Following numerous incidents involving anthrax in North America, and even investigations in Sioux Lookout and Sioux Narrows/Nestor Falls, the North-western Health Unit has released information regarding the bacteria apparently being used as a biological weapon.
“The Northwestern Health Unit has been receiving several calls regarding potential exposure to anthrax,” it said in a press release yesterday afternoon.
“At this time, there has not been any evidence that anthrax has been used as a biological weapon in Ontario or elsewhere in Canada,” the release noted.
Below is some information gleaned from the Health Canada Web site (
•Is anthrax easy to contract?
No. It is a disease that is found in wild animals and domestic animals (i.e., cattle, sheep, goats, camels, and antelopes) and you have to inhale it, eat it, or put it in an open wound in order to contract anthrax.
•Is anthrax contagious?
No. Anthrax cannot be transmitted person-to-person.
•What is anthrax?
Anthrax is an acute infectious disease caused by bacteria called Bacillus anthracis.
•How do you contract anthrax?
There are three ways of contracting anthrax:
1. Inhalation—anthrax spores are breathed in through the nose or mouth;
2. Cutaneous—the spores enter the body through an open wound on the skin, such as a cut or abrasion when handling contaminated products or infected animals;
3. Intestinal—the disease may occur after eating contaminated meat.
•What are the symptoms of anthrax?
The incubation period for inhalation of anthrax is between one-six days, but may be longer. Symptoms of the disease vary depending on how the disease was contracted.

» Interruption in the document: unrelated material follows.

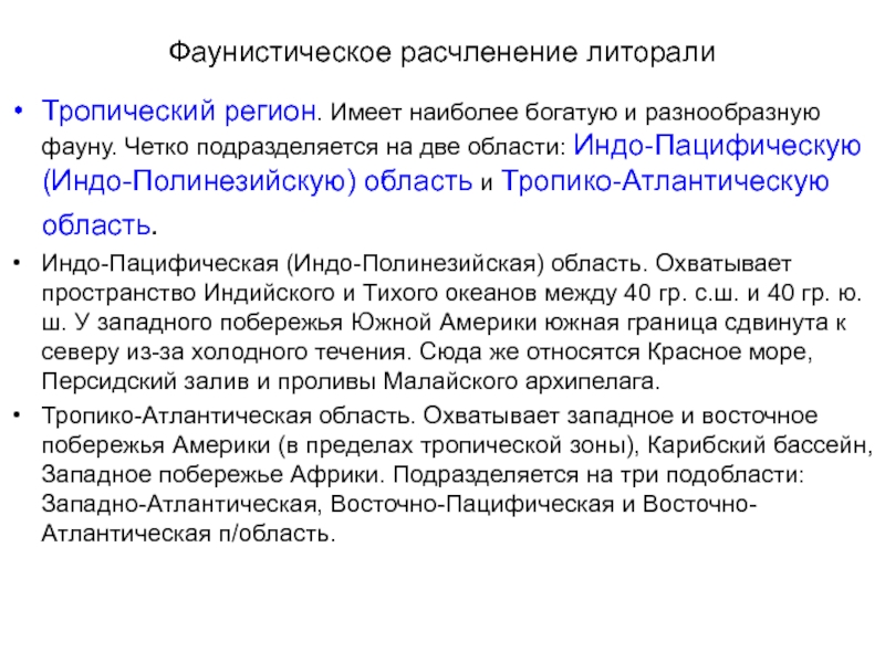 Тропико-Атлантическая область. Охватывает западное и восточное побережья Америки (в пределах тропической зоны), Карибский бассейн, Западное побережье Африки. Подразделяется на три подобласти: Западно-Атлантическая, Восточно-Пацифическая и Восточно-Атлантическая п/область.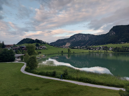 Read moreWir (2 Erwachsene, 1 Baby und 1 Hund) haben uns in der Ferienwohnung "Alpenglühen" wirklich sehr wohl gefühlt. Es hat uns an nichts gefehlt. Die Lage ist toll und man genießt sowohl von innen in der Wohnung, als auch vom Balkon und unten vom wunderbaren Garten und Whirlpool aus, einen traumhaften Blick auf den See und die Berge. Auch wenn es bei uns das Wetter nicht zugelassen hat, kann man ganz toll über den hauseigenen Steg ein Bad im See nehmen oder eine Runde mit den zwei frei zur Verfügung stehenden SUPs oder dem Ruderboot drehen. Für den Garten stehen Liegen zur Verfügung. Im Keller befindet sich außerdem eine Infrarotsauna. In direkter Umgebung befindet sich ein tolles Spielgelände für Kinder. Wir fanden es außerdem toll, dass ca. 100m entfernt ein sehr guter Bäcker ist und man im Ort auch sonst alles findet was man braucht (Spar, Post, Restaurants). In nur 15 Minuten ist man nach Kufstein gefahren und kann dort einiges mit der Gästekarte machen. Was wir gerne anmerken möchten, auch wenn es für uns kein Problem war, ist das recht kleine Bad und das ziemlich laut knarzende Bett. Zu guter Letzt möchten wir uns bei der Hausdame recht herzlich bedanken, sie ist jederzeit erreichbar und kümmert sich toll...

If the spores are inhaled, the first signs of disease usually are ’flu-like symptoms such as fatigue, fever, cough, and mild chest discomfort, rapidly followed by severe respiratory distress and shock.
In the case of cutaneous infection, they include painless blisters or purple patches.
•How is anthrax diagnosed?
Anthrax is diagnosed by isolating the bacteria from the blood, skin lesions, or respiratory secretions, or by measuring specific antibodies in the blood of persons with suspected cases.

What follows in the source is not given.